--- START ---

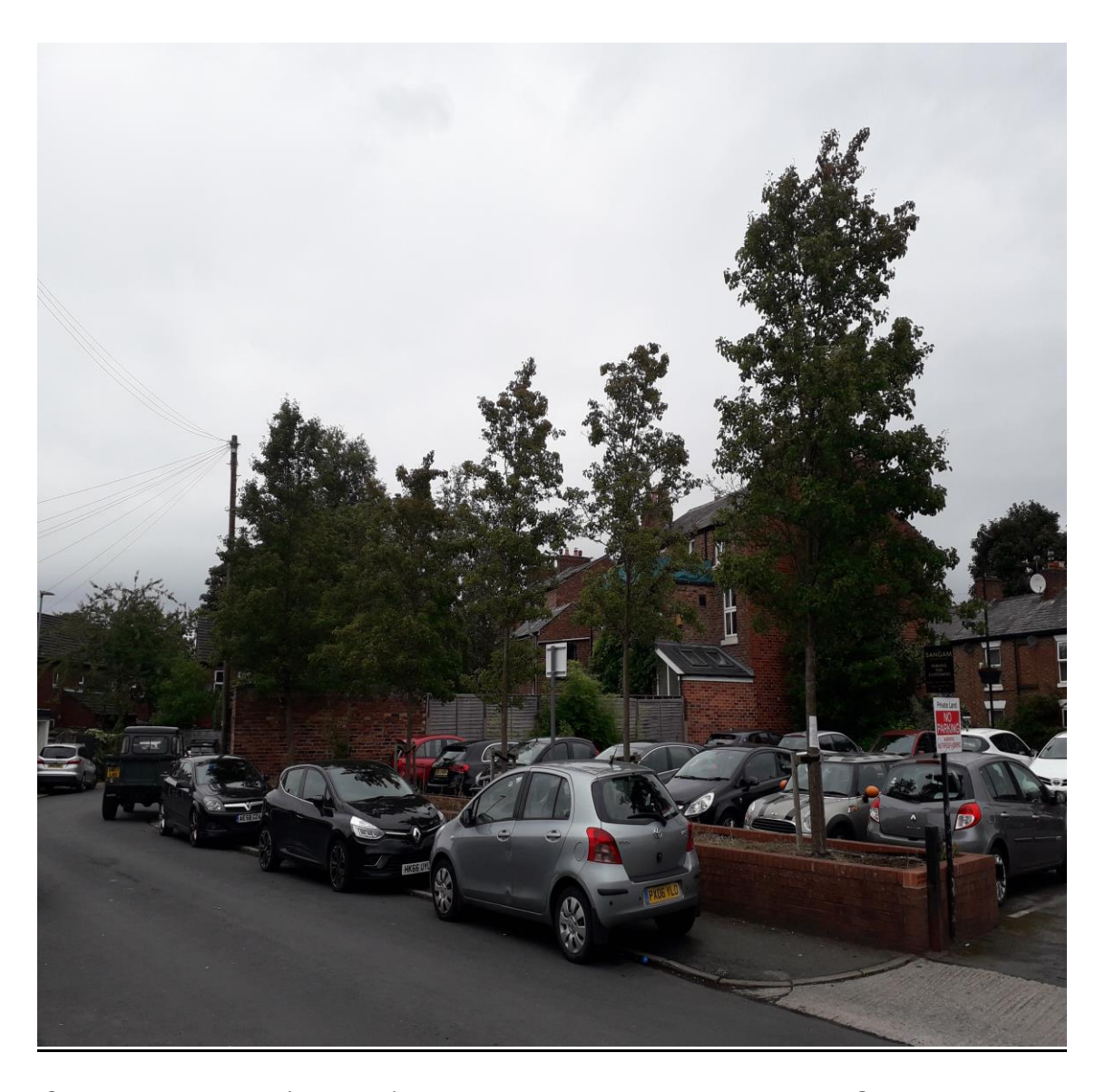
Callery Pear trees (T3 – T8) within raised brick planter on York Street
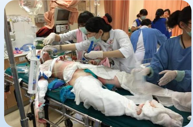
TSGH received the most of the Formosa Fun Coast dust explosion victims with no mortality.

It is our anticipation to gradually improve the quality of medical services and the operating capacities provided to the army, the dependents and the public with software and hardware updated constantly.
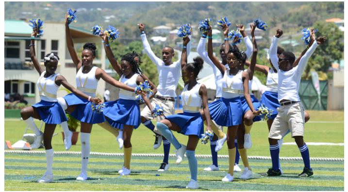
Intermediate High School

Lower / right: Primary School Children having fun with three (3) of their favourite cartoon characters.
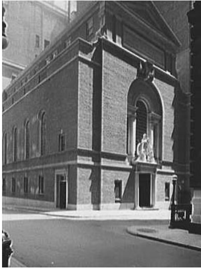
Church of Our Lady of Victory 60 William Street NY, NY 10005
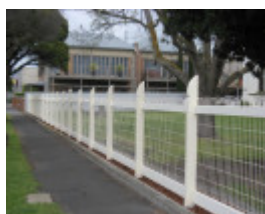
Miscellaneous photos Oct 2010 034.jpg
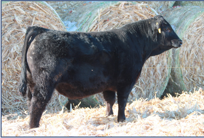
LOT 45 • SYS BOARDWALK M133
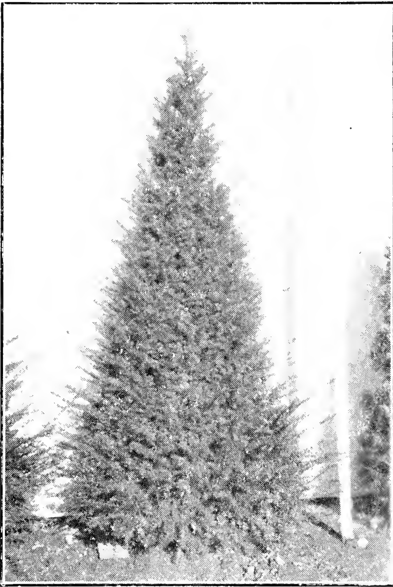
TAXUS CUSPIDATA CAPITATA 6 to 7 Ft.
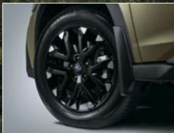
18" RUGGED WHEEL SET
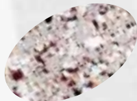
colour combination No. 103
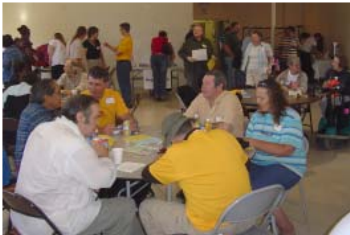
Several AHAC members discuss the results of their discussion groups.

On Saturday, August 28, more than 100 people gathered for The People's Summit on Poverty. This event was organized by Crossroads Urban Center and sponsored by several groups, including the Anti-Hunger Action Committee. The goal of the summit was to bring people from different parts of the community together to talk about what issues matter to low income Utahns and talk about how we all can work together to begin to solve those problems.
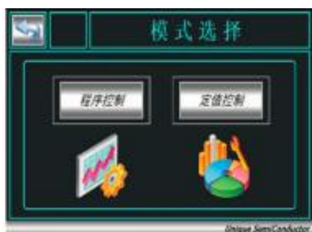
Display the interface

damage caused to the test product and test box due to failure
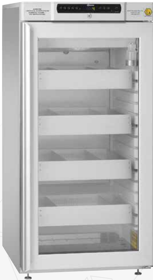
BioCompact II RR310. Drawers, reference container and glass door are optional extras.

The BioCompact II 310 is an intermediate sized refrigerator or freezer cabinet with a small footprint, designed for a wide range of biostorage purposes where the prime focus is on dependability and exceptional performance.
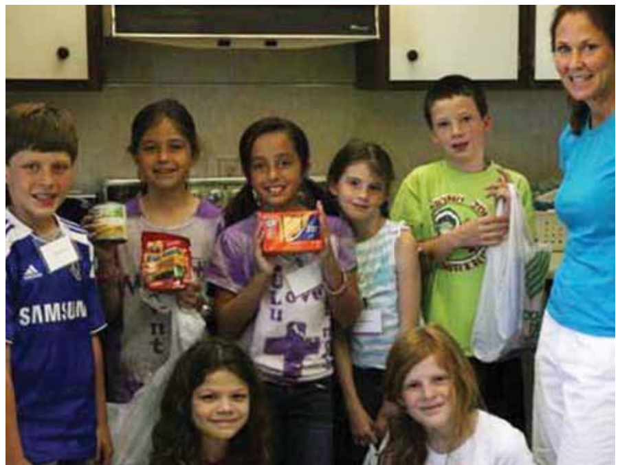
(Images top to bottom) Vacation Bible School kids helped to collect items for the Justice and Peace ministry this past summer. The food pantry is always in need of staples.
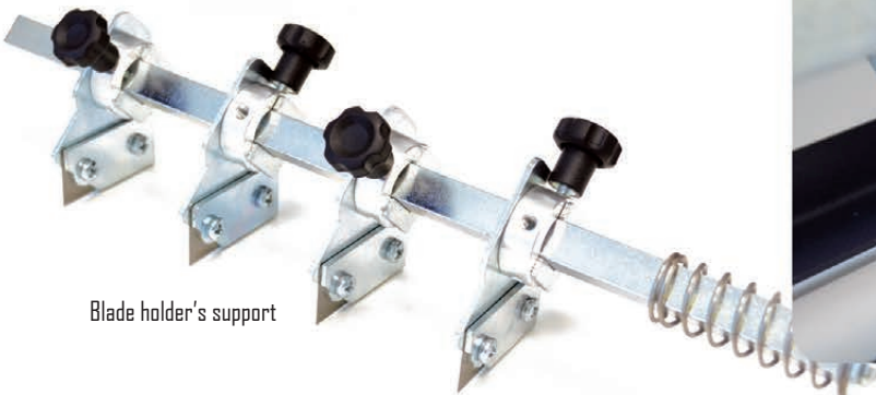
Blade holder's support
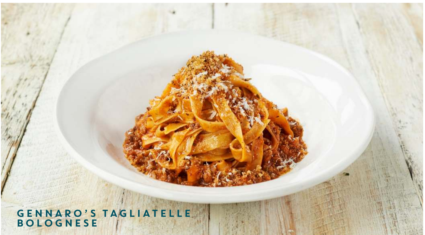
GENNARO'S TAGLIATELLE BOLOGNESE

OUR PASTA IS SIMPLY MADE WITH TIPO 'OO' FLOUR, SEMOLINA, FREE-RANGE EGGS & A LITTLE WATER
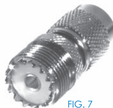
FIG. 7 RFT-1235
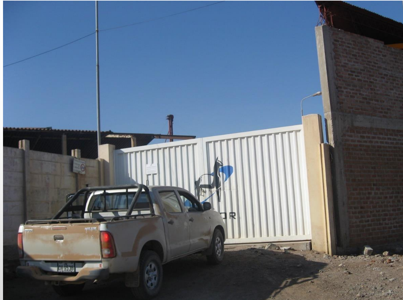
Almacén de Matarani: Exportando mineral a escala industrial
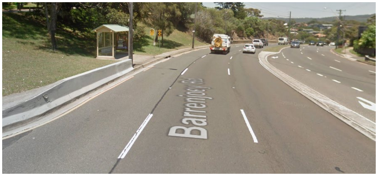
Bus Stop 16 – Mona Vale, Barrenjoey Rd at Kitchener Park
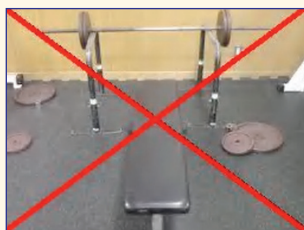
◀ Figure 7: Hazard: Barbell left on stand and weights left loose on deck can cause injury and damage
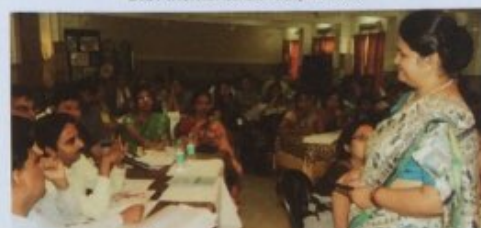
Sunbeam Group of Institutions, Varanasi
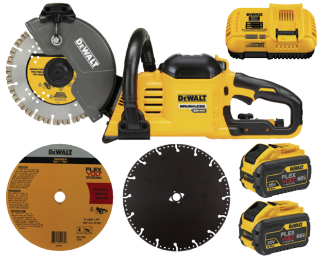
CUTOFF SAW KIT | CUTSAW2-KIT
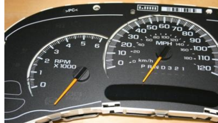
6. This will break the needle free from the shaft of the stepper motor.
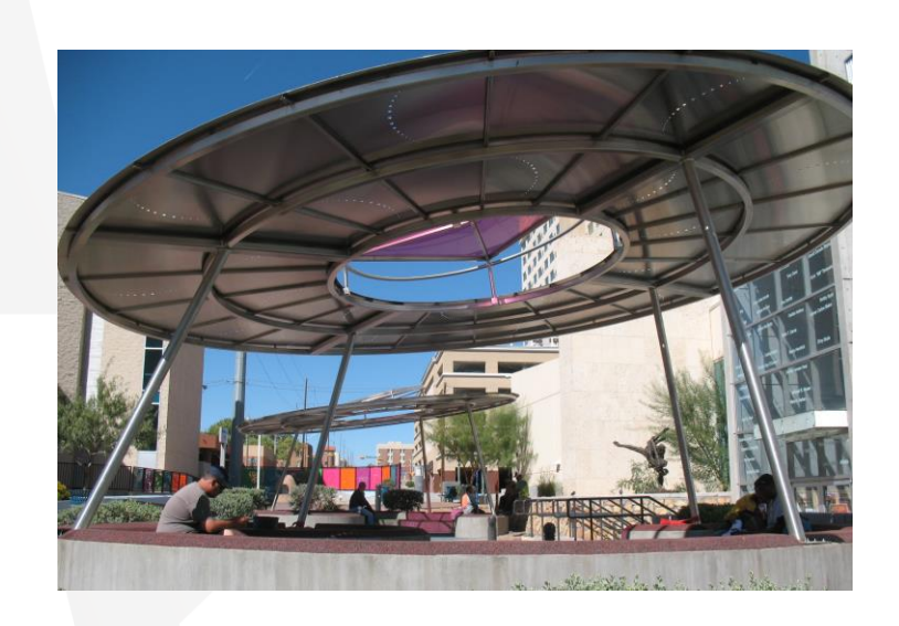
Sombras y Luz & Novel Romance
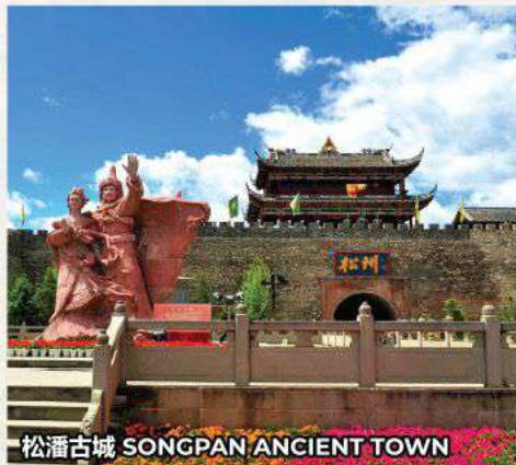
松潘古城 SONGPAN ANCIENT TOWN
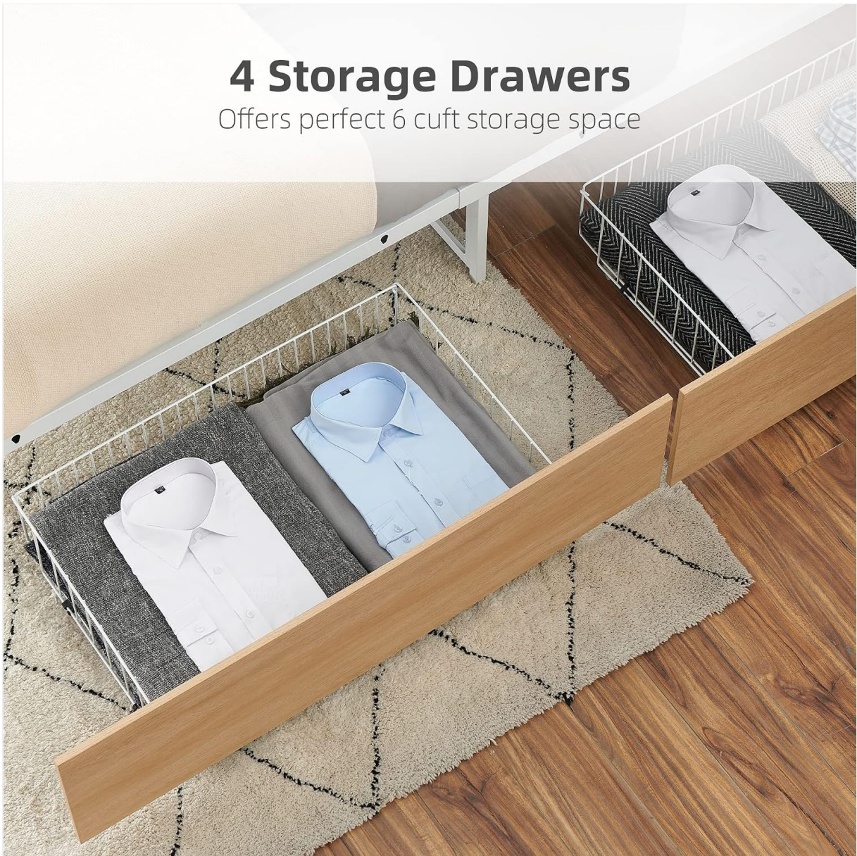
Image 5.2: Close-up view of the wire netting storage drawers, demonstrating their capacity.
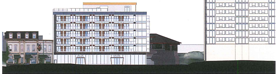
Front Street Context
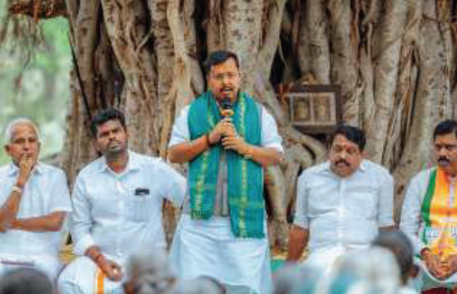
BJP National Working President Nitin Nabin addresses the beneficiaries of VB G-RAM-G Scheme on 11 January

M LA at 26 and BJP president at 45, Nitin Nabin's ascent has been nothing short of story-book. Elected unopposed on Monday as BJP's youngest National President, his elevation signals a clear generational shift as the party looks to further consolidate its grip on national politics. A low-profile but seasoned leader, Nabin is a five-term MLA from Bihar and the state's Public Works Department minister. He was appointed BJP working president on 14 December, a move that ended prolonged speculation over who would succeed veteran JP Nadda and surprised political circles amid buzz of differences between the BJP and its ideological mentor, RSS, over the appointment. The unassuming leader, who now has the task of steering the party through a packed electoral calendar, including Assembly elections in Tamil Nadu, Kerala and Assam due in April, has hit the ground running. The first BJP chief from Bihar, Nabin has toured several states since his appointment, delivering a sharp and direct message to party workers. "Politics is not a 100m race but a long marathon. It is not a test of speed but of patience and stamina," he has repeatedly told cadres. In Bihar, he urged workers to think
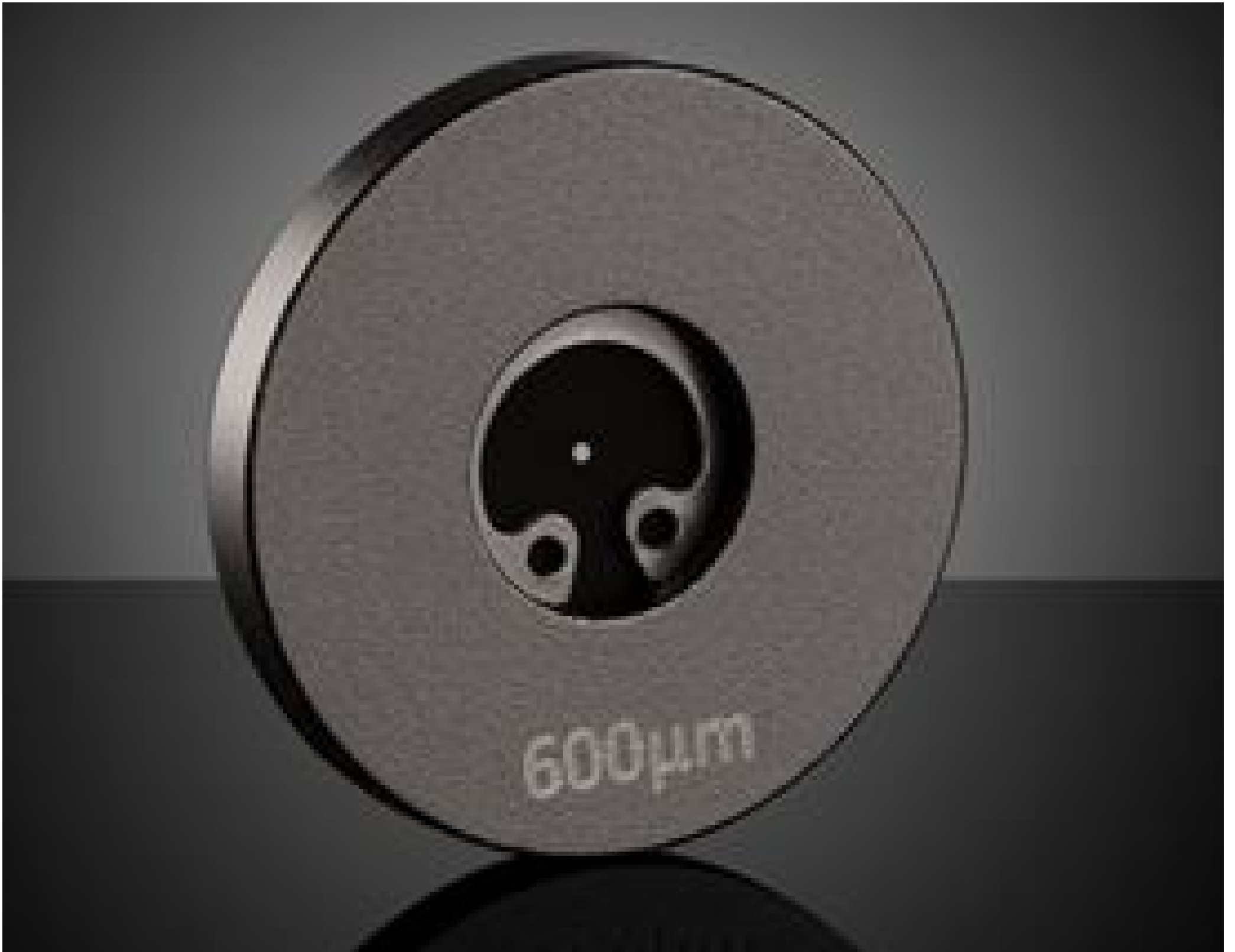
Acktar Blackened Pinholes (mounted)
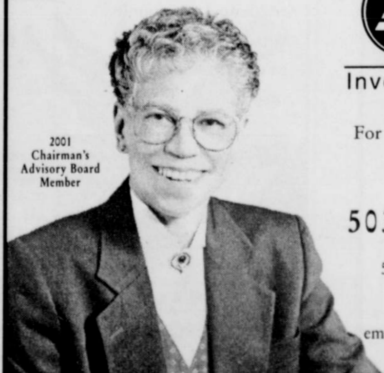
2001 Chairman's Advisory Board Member

Do you have a plan for your retirement? For your estate? How will your partner, family, children or yourself be cared for in the event of sudden illness or death? Do you have enough life insurance? I can help you understand the answers to these questions and so many more. All it takes to start is a phone call. Take control of your financial future before it's too late.
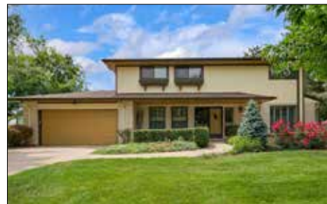
5477 W Portland Drive Littleton, CO $845,000

Looking to Buy or Sell, I would love to help you. Give me a call!
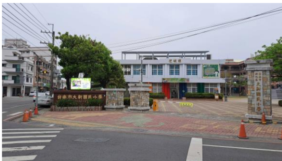
Fig. 6. Cultural and educational buildings in Yingpan-Hou district [3]
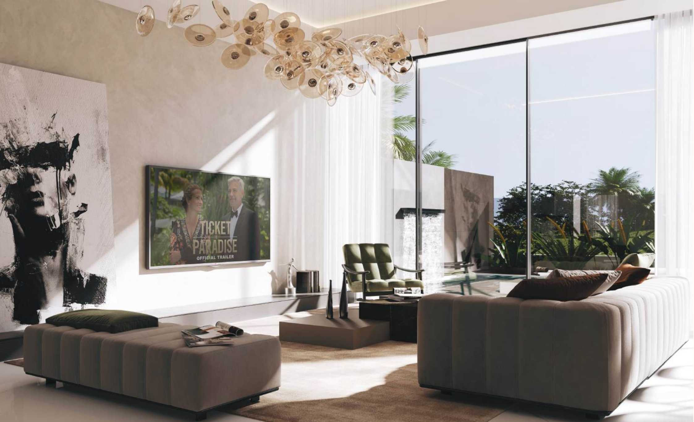
GROUND FLOOR LIVING AREA
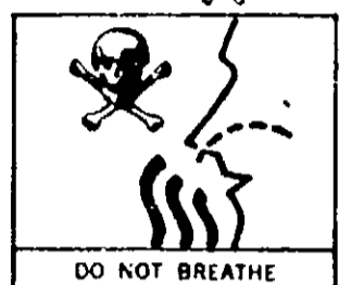
DO NOT BREATHE
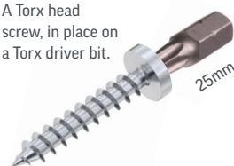
A Torx head screw, in place on a Torx driver bit.
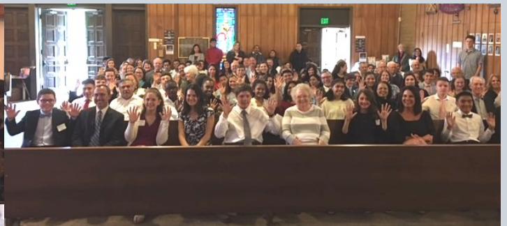
In the church after all were confirmed!
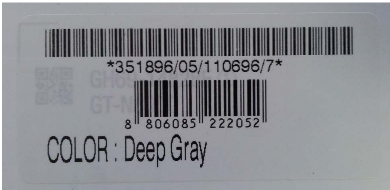
Figure 1 - Tracking Label

The tracking label should look similar to Figure 1 - Tracking Label, while the two tamper labels should appear similar to Figure 2 - Security Seal (Black) or Figure 3 - Security Seal (White).
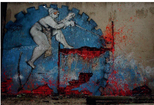
Fig. 3. Mona Tusz, Flywheel Setting , mural, Zinc Rolling Mill in Szopienice, 2011, photo by: M. Tusz.

--- END ---

### WHAT YOU ARE ASKED TO DO
Search the records above for the string "Nitin". Copy every line that contains it.

### OUTPUT OF THE EXERCISE
BJP National Working President Nitin Nabin addresses the beneficiaries of VB G-RAM-G Scheme on 11 January
M LA at 26 and BJP president at 45, Nitin Nabin's ascent has been nothing short of story-book. Elected unopposed on Monday as BJP's youngest National President, his elevation signals a clear generational shift as the party looks to further consolidate its grip on national politics. A low-profile but seasoned leader, Nabin is a five-term MLA from Bihar and the state's Public Works Department minister. He was appointed BJP working president on 14 December, a move that ended prolonged speculation over who would succeed veteran JP Nadda and surprised political circles amid buzz of differences between the BJP and its ideological mentor, RSS, over the appointment. The unassuming leader, who now has the task of steering the party through a packed electoral calendar, including Assembly elections in Tamil Nadu, Kerala and Assam due in April, has hit the ground running. The first BJP chief from Bihar, Nabin has toured several states since his appointment, delivering a sharp and direct message to party workers. "Politics is not a 100m race but a long marathon. It is not a test of speed but of patience and stamina," he has repeatedly told cadres. In Bihar, he urged workers to think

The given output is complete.